_Exercise prompt_
Set each line of the material below down word for word, from the first through the line that holds "При замене шин", but not the pictures.

_Exercise material_
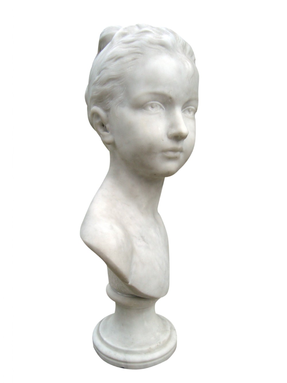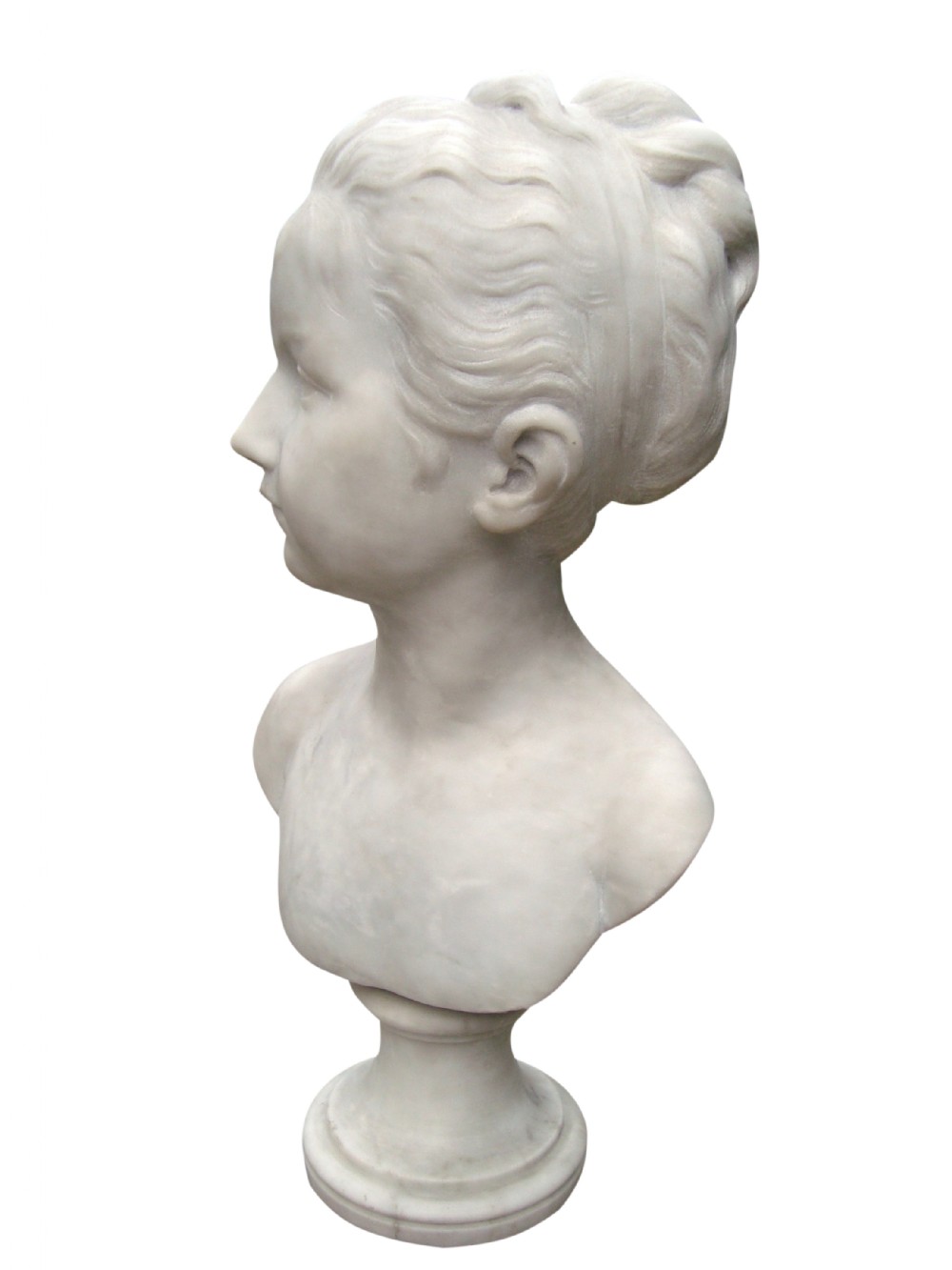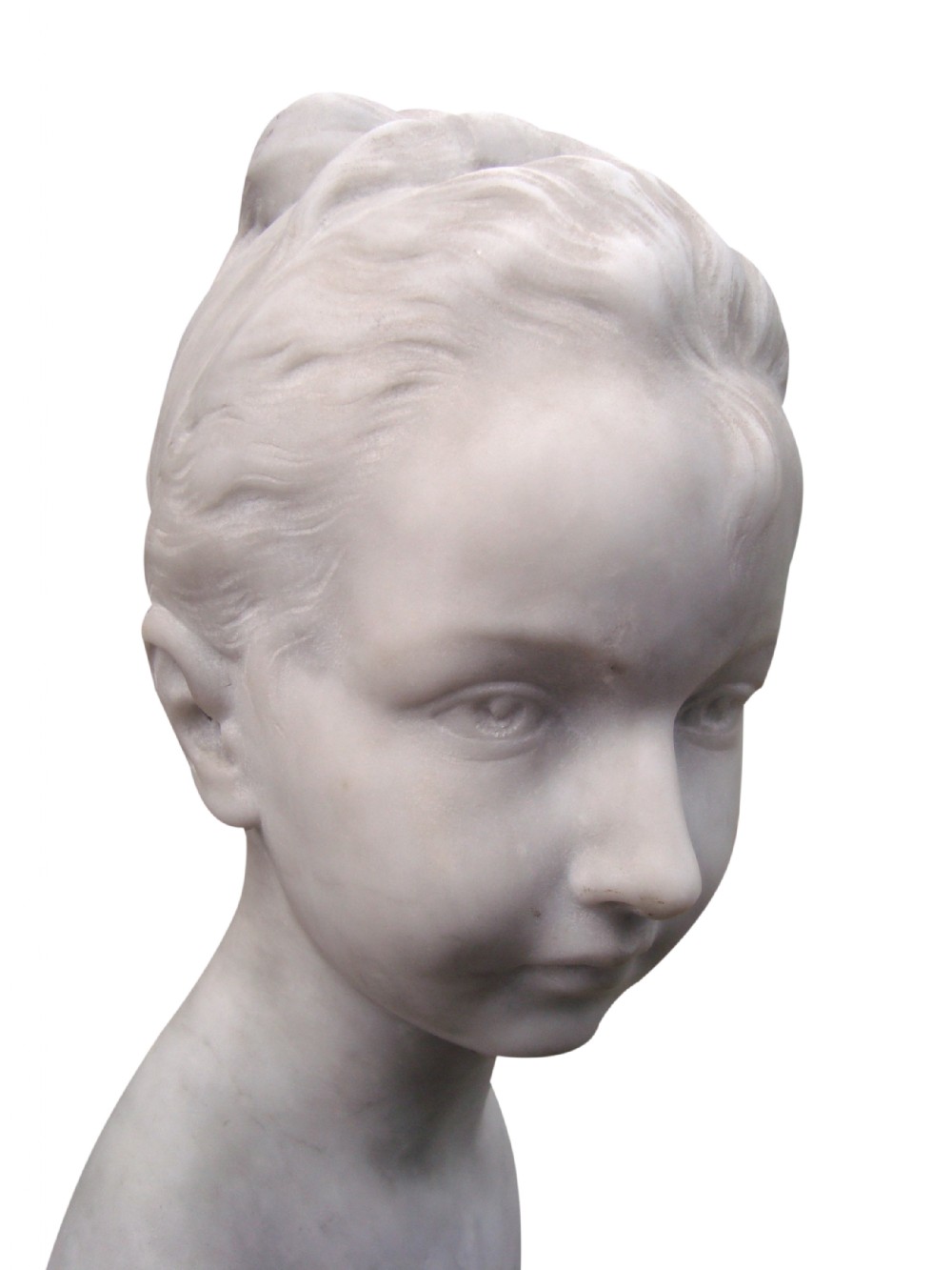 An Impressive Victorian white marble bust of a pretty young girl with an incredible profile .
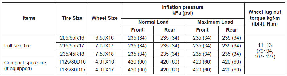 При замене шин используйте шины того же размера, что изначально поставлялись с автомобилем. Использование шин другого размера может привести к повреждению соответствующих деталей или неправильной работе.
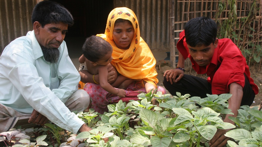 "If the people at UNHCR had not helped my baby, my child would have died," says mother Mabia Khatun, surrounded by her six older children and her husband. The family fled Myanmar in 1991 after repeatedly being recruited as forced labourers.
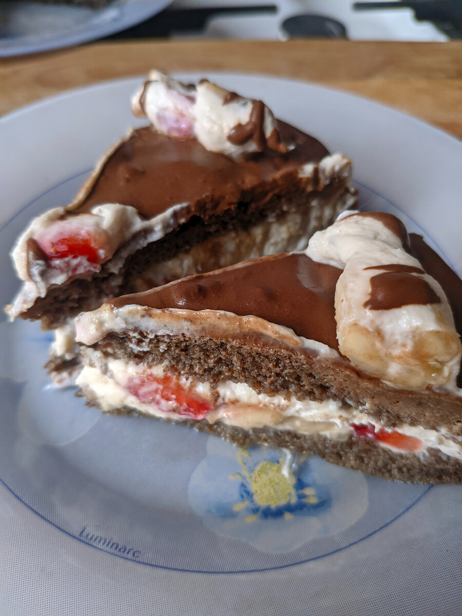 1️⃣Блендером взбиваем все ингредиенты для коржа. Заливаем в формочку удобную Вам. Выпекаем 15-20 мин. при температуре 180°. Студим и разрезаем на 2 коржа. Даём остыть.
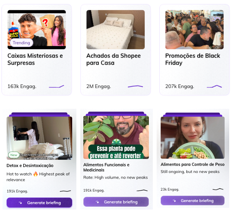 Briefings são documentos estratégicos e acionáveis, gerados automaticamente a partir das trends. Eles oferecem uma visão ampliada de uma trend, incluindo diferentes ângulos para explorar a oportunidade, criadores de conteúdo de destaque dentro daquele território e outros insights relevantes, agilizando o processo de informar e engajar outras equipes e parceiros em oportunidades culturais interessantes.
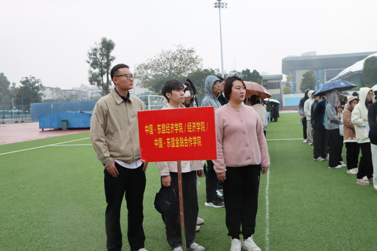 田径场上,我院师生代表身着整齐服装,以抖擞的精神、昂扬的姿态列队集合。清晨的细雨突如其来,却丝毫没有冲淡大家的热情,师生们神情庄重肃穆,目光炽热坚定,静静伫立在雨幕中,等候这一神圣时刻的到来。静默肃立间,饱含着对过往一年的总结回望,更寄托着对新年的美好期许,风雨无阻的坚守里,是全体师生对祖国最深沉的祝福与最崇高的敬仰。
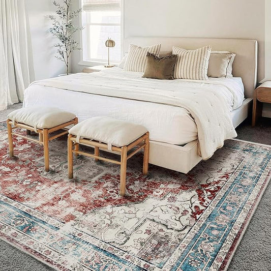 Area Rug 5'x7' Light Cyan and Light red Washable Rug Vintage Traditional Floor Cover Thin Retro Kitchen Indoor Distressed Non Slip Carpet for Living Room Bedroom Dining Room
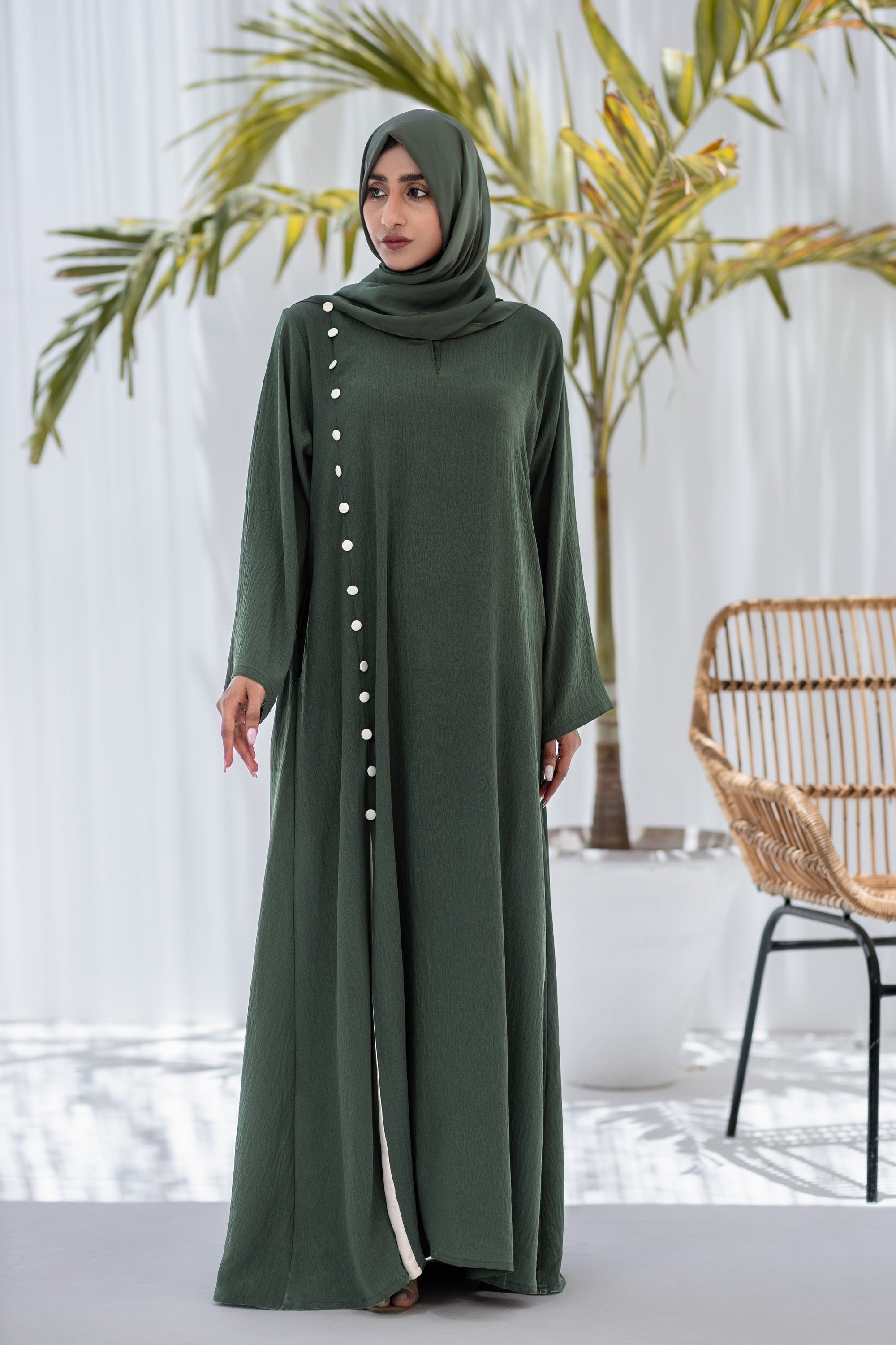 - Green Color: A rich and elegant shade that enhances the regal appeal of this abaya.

_Response area_
 An Impressive Victorian white marble bust of a pretty young girl with an incredible profile .
 При замене шин используйте шины того же размера, что изначально поставлялись с автомобилем. Использование шин другого размера может привести к повреждению соответствующих деталей или неправильной работе.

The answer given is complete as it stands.